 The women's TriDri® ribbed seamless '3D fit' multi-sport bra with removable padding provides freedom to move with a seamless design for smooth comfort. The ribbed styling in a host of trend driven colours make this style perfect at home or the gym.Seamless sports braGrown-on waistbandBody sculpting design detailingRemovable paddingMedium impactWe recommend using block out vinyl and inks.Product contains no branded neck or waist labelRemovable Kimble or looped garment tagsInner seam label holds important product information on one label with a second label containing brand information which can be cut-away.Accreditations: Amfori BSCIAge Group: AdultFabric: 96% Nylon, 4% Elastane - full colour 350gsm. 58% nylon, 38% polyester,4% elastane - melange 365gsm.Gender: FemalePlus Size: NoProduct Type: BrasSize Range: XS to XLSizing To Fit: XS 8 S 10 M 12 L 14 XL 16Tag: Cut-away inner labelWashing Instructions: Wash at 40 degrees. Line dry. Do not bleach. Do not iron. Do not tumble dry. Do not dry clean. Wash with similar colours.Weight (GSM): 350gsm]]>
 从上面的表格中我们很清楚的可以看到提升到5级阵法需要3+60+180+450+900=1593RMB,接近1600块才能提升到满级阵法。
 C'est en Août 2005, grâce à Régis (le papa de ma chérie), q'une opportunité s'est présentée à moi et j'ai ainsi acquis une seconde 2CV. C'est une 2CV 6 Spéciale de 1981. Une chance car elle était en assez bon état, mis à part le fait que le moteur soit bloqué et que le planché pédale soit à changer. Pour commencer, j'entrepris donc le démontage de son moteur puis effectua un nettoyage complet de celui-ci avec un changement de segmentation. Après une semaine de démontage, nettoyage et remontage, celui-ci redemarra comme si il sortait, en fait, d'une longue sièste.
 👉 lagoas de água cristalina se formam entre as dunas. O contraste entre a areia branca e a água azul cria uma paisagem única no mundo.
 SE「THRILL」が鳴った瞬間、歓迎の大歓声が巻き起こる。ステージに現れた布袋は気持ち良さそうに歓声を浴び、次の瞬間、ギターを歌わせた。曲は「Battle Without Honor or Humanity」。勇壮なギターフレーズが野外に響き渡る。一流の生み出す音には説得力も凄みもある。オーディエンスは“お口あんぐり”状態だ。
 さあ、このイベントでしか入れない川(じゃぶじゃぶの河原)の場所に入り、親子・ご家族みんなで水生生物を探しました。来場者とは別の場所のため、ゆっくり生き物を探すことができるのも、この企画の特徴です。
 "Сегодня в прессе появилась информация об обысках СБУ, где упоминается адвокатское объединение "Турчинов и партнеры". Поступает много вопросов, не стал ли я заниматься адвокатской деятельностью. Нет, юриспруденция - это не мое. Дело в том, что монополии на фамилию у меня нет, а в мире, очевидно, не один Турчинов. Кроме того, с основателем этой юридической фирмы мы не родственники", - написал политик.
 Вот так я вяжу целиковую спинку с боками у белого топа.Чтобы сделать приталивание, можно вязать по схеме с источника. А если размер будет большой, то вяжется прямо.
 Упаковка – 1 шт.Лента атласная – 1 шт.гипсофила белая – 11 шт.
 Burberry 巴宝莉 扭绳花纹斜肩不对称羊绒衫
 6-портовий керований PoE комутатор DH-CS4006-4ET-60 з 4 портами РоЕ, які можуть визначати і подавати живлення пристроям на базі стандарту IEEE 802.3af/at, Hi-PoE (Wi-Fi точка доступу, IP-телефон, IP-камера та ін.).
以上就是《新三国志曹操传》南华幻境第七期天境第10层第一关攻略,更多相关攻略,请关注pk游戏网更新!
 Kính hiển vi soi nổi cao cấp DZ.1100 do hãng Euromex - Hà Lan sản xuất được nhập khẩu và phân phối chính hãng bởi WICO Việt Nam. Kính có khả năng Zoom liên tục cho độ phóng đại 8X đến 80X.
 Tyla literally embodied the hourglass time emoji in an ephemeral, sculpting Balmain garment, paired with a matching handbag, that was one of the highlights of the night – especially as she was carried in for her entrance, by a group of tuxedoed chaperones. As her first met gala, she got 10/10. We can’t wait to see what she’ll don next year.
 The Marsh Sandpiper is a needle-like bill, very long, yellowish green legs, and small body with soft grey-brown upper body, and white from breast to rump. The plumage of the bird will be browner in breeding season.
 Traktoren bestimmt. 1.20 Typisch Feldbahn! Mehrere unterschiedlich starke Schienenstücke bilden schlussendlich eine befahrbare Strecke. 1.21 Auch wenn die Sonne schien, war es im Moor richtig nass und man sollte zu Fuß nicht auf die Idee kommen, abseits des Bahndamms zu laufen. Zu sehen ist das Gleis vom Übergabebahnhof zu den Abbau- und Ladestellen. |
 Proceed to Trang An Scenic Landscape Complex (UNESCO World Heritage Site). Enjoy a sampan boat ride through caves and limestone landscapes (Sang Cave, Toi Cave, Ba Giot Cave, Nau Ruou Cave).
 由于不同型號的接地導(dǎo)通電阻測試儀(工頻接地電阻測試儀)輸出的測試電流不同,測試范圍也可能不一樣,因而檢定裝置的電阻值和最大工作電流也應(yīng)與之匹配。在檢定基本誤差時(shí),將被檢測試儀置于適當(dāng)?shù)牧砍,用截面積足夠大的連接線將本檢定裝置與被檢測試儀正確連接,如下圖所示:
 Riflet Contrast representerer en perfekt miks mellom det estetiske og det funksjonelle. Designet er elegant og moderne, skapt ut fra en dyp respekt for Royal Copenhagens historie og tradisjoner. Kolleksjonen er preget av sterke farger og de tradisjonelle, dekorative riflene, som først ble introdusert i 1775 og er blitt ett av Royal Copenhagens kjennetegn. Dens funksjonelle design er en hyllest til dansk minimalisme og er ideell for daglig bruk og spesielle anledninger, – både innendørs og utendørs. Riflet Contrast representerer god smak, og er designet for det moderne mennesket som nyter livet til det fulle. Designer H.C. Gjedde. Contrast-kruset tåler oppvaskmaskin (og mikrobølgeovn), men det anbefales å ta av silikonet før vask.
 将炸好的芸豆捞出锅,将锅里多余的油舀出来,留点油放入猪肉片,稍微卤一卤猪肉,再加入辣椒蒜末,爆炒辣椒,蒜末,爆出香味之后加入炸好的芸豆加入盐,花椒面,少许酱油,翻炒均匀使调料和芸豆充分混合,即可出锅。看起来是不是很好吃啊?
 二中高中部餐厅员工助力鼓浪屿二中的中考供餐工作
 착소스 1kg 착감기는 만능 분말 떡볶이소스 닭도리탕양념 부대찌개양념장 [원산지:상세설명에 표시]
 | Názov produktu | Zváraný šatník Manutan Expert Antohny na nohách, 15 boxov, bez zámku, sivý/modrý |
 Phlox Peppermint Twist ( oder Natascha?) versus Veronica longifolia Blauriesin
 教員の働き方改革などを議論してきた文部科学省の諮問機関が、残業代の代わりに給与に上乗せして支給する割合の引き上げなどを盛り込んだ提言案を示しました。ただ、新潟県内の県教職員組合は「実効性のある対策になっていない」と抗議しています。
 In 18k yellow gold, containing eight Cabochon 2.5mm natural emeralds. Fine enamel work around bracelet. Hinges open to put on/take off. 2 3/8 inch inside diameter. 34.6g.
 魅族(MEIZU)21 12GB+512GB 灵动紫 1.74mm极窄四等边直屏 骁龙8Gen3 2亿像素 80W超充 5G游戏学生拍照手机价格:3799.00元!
☆ ☆ ☆
Try it —
Within the listing above, give again exactly every line from the line with "Proceed to Trang" through the line with "由于不同型號的接地導(dǎo", both included, and no other line.

Reply to the exercise —
 Proceed to Trang An Scenic Landscape Complex (UNESCO World Heritage Site). Enjoy a sampan boat ride through caves and limestone landscapes (Sang Cave, Toi Cave, Ba Giot Cave, Nau Ruou Cave).
 由于不同型號的接地導(dǎo)通電阻測試儀(工頻接地電阻測試儀)輸出的測試電流不同,測試范圍也可能不一樣,因而檢定裝置的電阻值和最大工作電流也應(yīng)與之匹配。在檢定基本誤差時(shí),將被檢測試儀置于適當(dāng)?shù)牧砍,用截面積足夠大的連接線將本檢定裝置與被檢測試儀正確連接,如下圖所示:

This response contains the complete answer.